### [Exercise goal]
Write again exactly the lines in the listing below, starting at the line with "PIĘKOŚ-MIRKOWA Halina MIREK, Zbigniew." and ending at the line with "Les attestations fiscales", both included. Pictures are not copied.

### [Entries supplied]

-.-.-

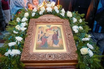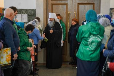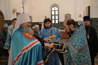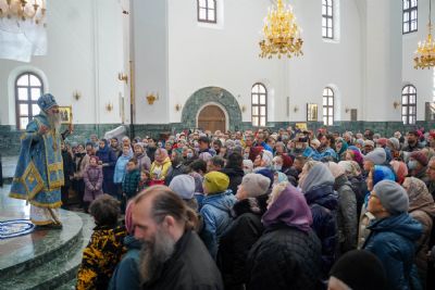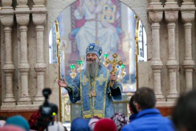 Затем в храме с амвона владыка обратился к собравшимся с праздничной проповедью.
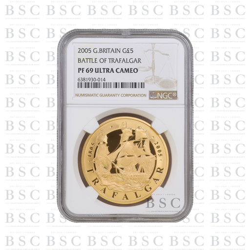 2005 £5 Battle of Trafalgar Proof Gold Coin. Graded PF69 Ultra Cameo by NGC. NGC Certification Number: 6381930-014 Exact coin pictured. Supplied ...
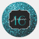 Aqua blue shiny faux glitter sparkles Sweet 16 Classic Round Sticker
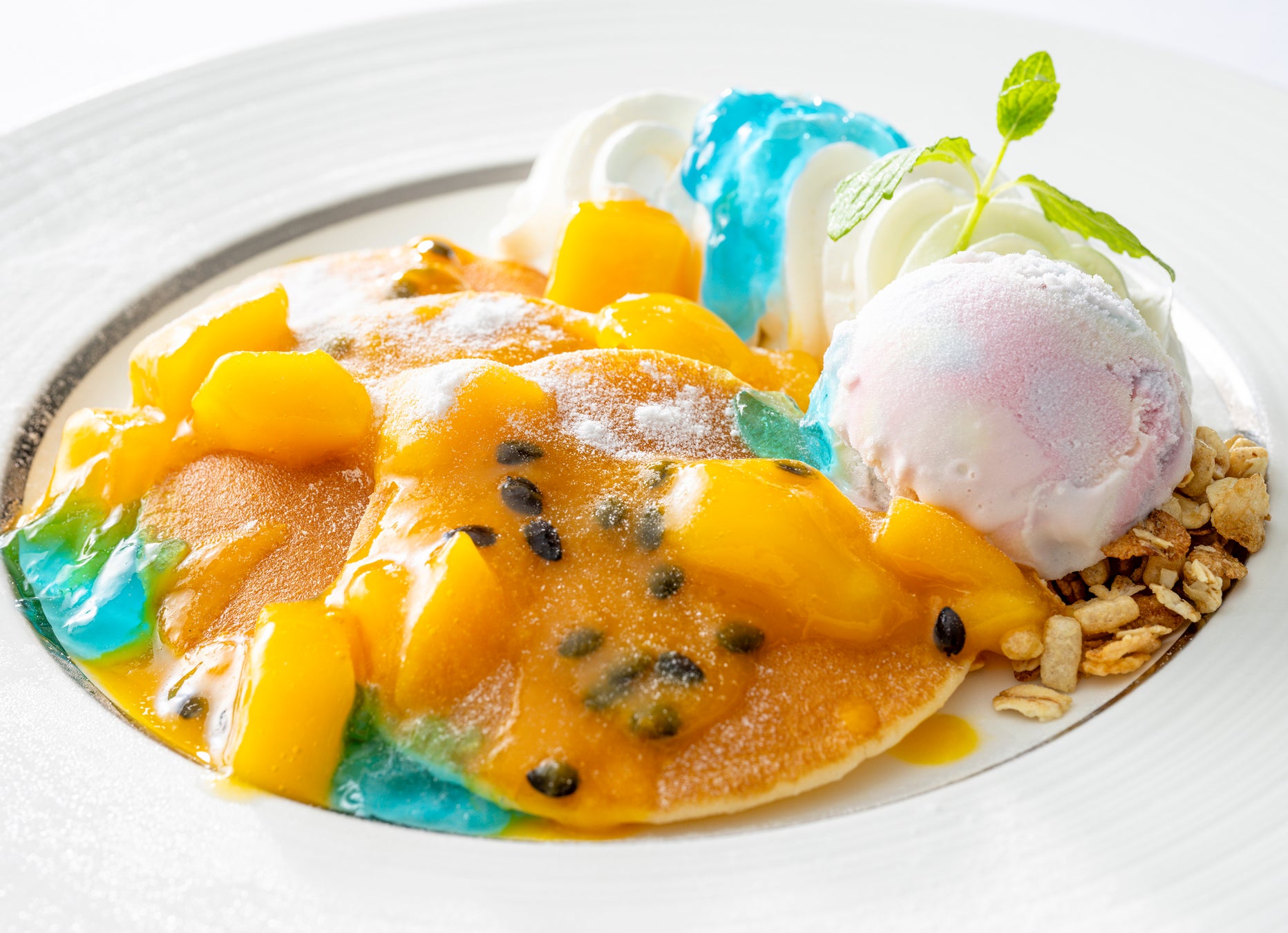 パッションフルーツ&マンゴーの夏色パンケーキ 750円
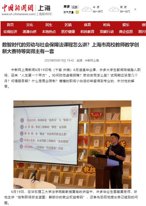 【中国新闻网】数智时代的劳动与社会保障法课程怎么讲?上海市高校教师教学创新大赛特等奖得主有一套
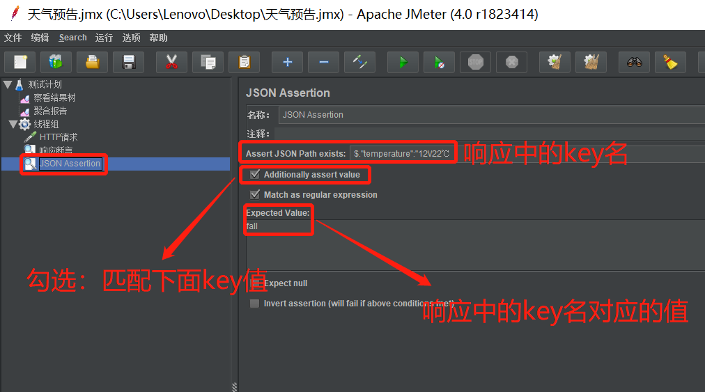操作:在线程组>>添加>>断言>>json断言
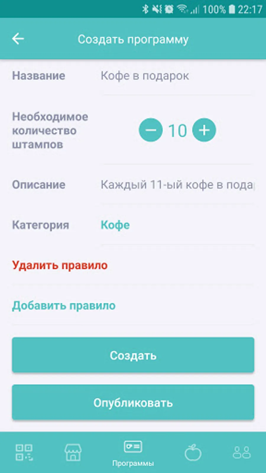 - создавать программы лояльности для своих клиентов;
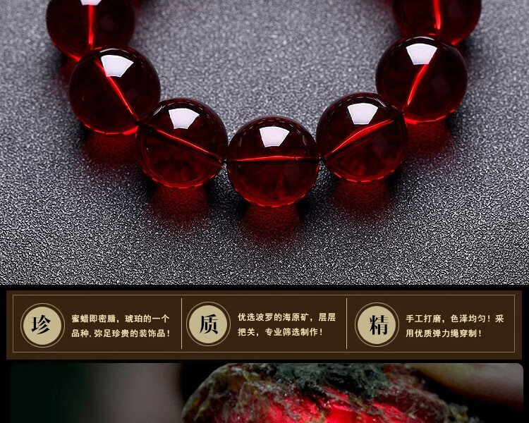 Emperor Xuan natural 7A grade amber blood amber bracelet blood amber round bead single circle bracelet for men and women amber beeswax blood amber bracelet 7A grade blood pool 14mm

-.-.-

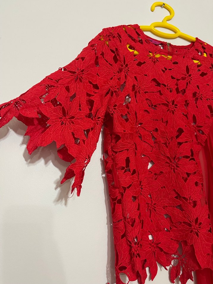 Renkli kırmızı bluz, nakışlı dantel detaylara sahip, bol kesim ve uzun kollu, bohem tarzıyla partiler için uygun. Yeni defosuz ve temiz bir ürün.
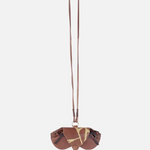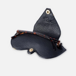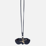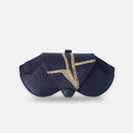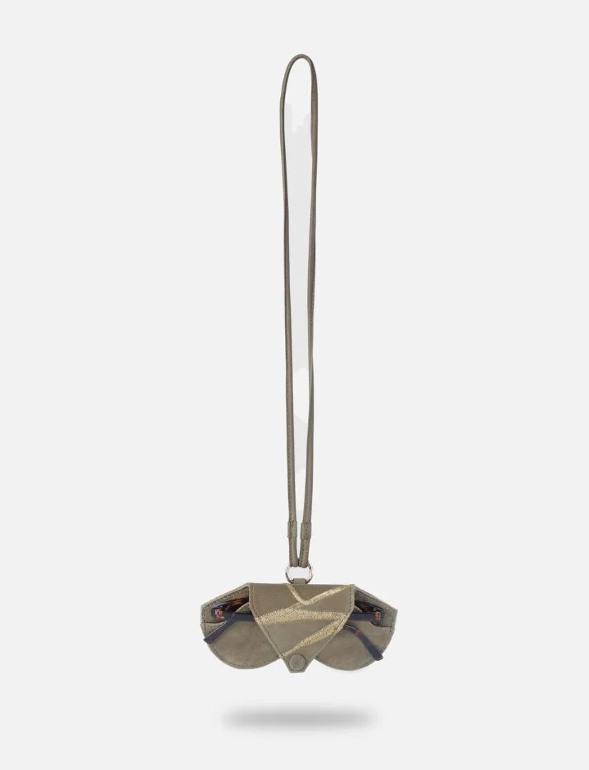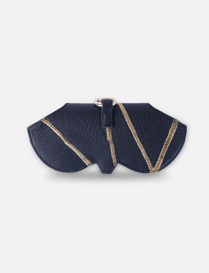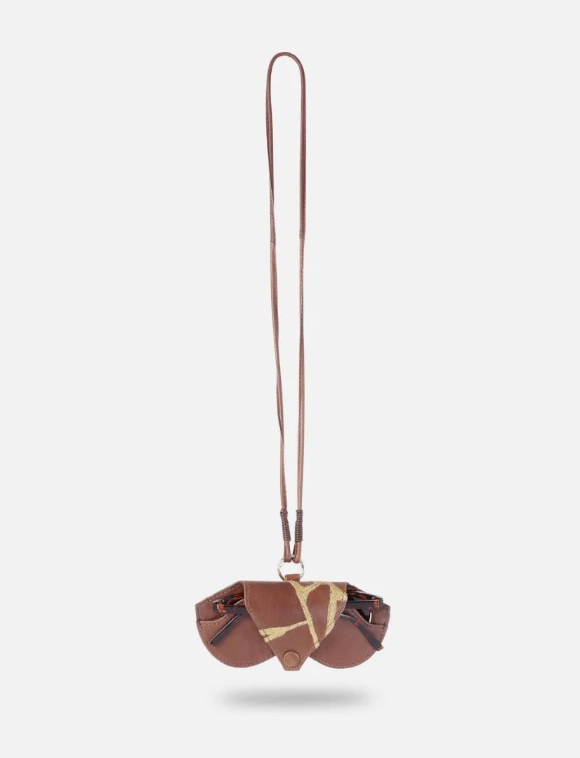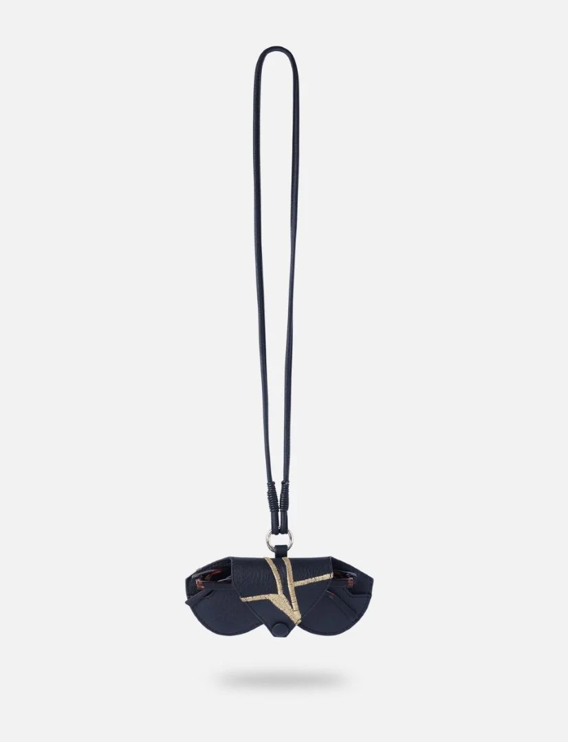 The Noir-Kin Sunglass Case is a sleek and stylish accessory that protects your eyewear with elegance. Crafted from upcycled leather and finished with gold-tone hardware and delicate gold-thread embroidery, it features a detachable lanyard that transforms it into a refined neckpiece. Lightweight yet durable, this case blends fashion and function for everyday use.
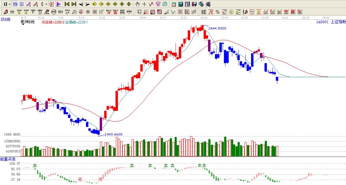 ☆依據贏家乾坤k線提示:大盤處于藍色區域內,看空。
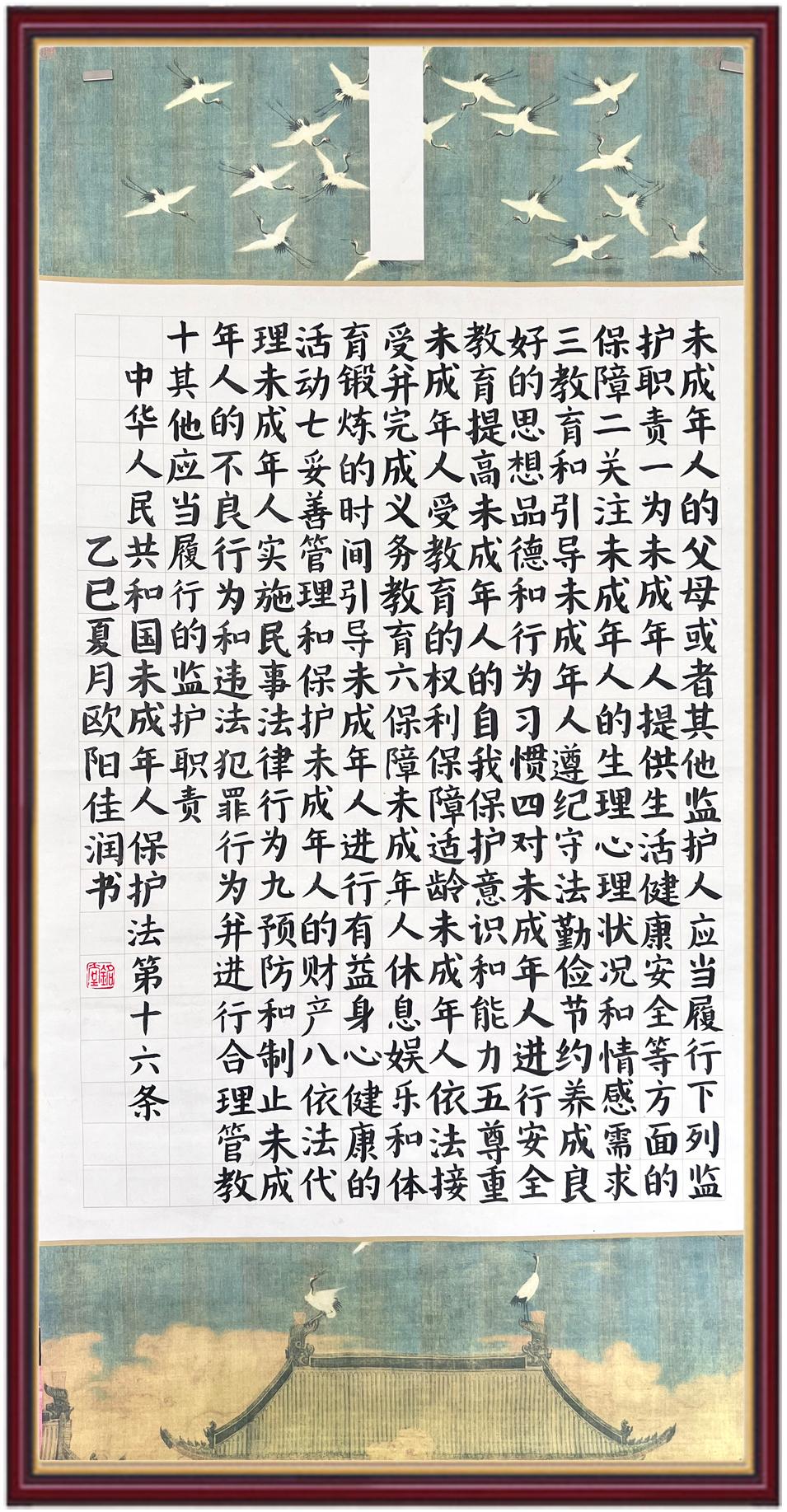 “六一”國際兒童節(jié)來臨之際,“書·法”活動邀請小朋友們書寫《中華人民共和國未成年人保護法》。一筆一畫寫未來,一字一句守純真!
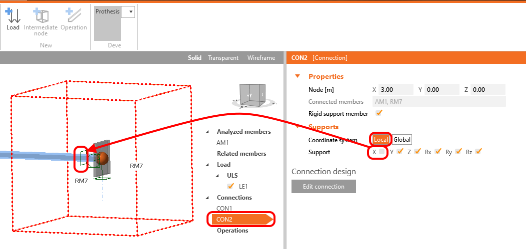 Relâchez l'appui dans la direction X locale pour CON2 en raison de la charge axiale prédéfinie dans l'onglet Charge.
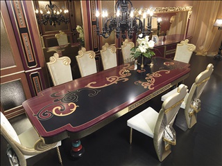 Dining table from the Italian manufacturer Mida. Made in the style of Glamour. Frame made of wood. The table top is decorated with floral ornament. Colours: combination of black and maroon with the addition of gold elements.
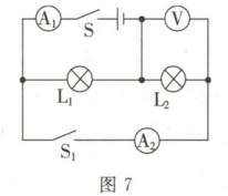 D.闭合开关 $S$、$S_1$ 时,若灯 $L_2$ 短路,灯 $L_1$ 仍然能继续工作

-.-.-

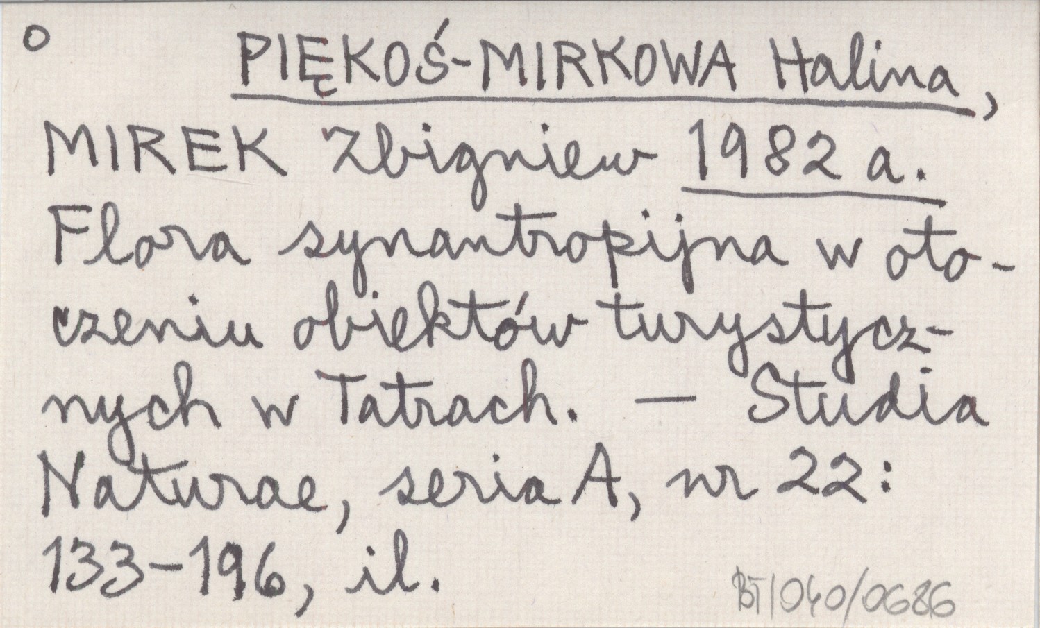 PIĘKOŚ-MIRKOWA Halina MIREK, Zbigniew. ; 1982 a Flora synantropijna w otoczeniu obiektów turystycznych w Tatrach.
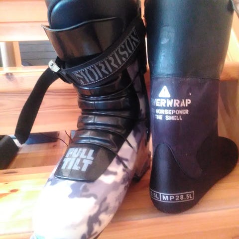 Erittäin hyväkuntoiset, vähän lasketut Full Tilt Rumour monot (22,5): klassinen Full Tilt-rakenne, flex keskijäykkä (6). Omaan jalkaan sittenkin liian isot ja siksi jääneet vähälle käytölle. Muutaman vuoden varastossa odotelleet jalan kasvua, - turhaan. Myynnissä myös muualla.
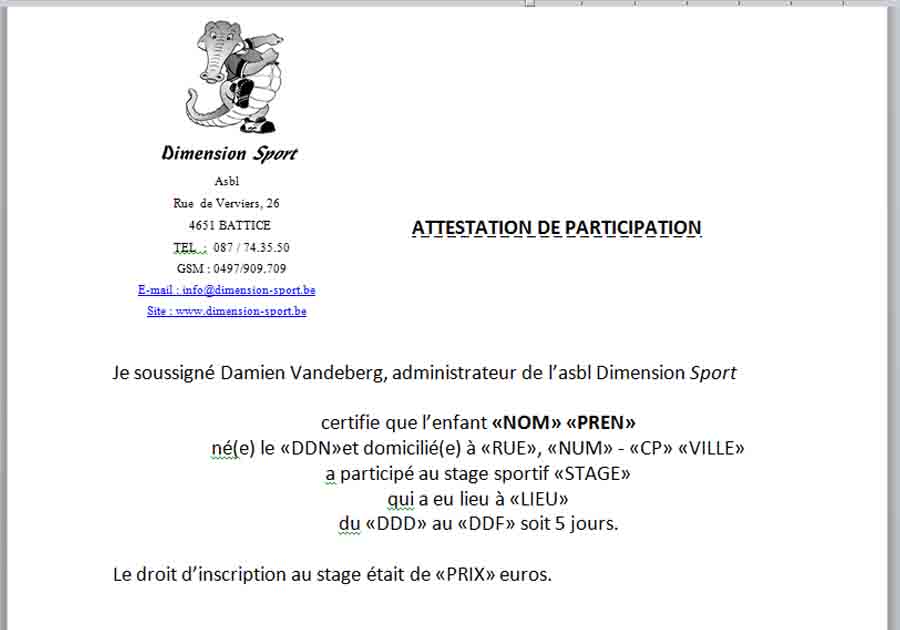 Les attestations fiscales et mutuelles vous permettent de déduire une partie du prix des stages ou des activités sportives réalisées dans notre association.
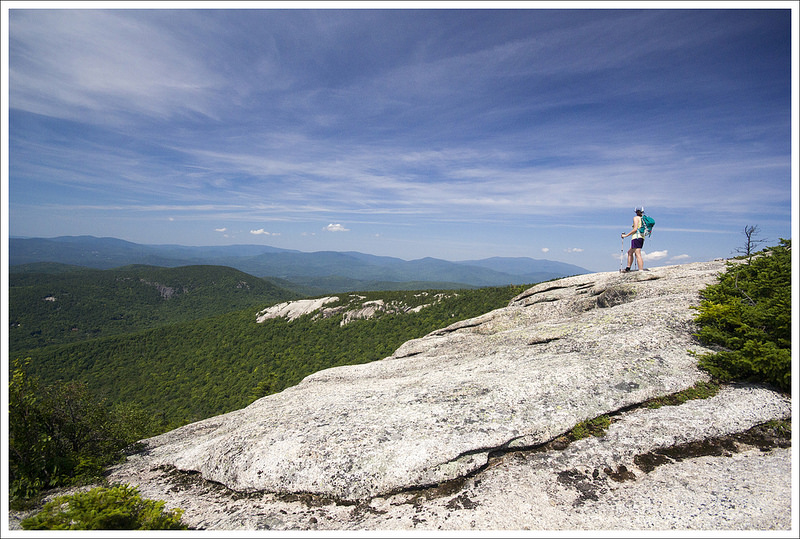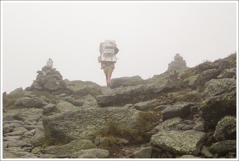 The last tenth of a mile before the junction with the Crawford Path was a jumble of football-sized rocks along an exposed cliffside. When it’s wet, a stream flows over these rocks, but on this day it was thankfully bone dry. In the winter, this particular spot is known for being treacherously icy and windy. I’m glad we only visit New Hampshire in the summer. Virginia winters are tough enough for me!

-.-.-

### [Written solution]
 PIĘKOŚ-MIRKOWA Halina MIREK, Zbigniew. ; 1982 a Flora synantropijna w otoczeniu obiektów turystycznych w Tatrach.
 Erittäin hyväkuntoiset, vähän lasketut Full Tilt Rumour monot (22,5): klassinen Full Tilt-rakenne, flex keskijäykkä (6). Omaan jalkaan sittenkin liian isot ja siksi jääneet vähälle käytölle. Muutaman vuoden varastossa odotelleet jalan kasvua, - turhaan. Myynnissä myös muualla.
 Les attestations fiscales et mutuelles vous permettent de déduire une partie du prix des stages ou des activités sportives réalisées dans notre association.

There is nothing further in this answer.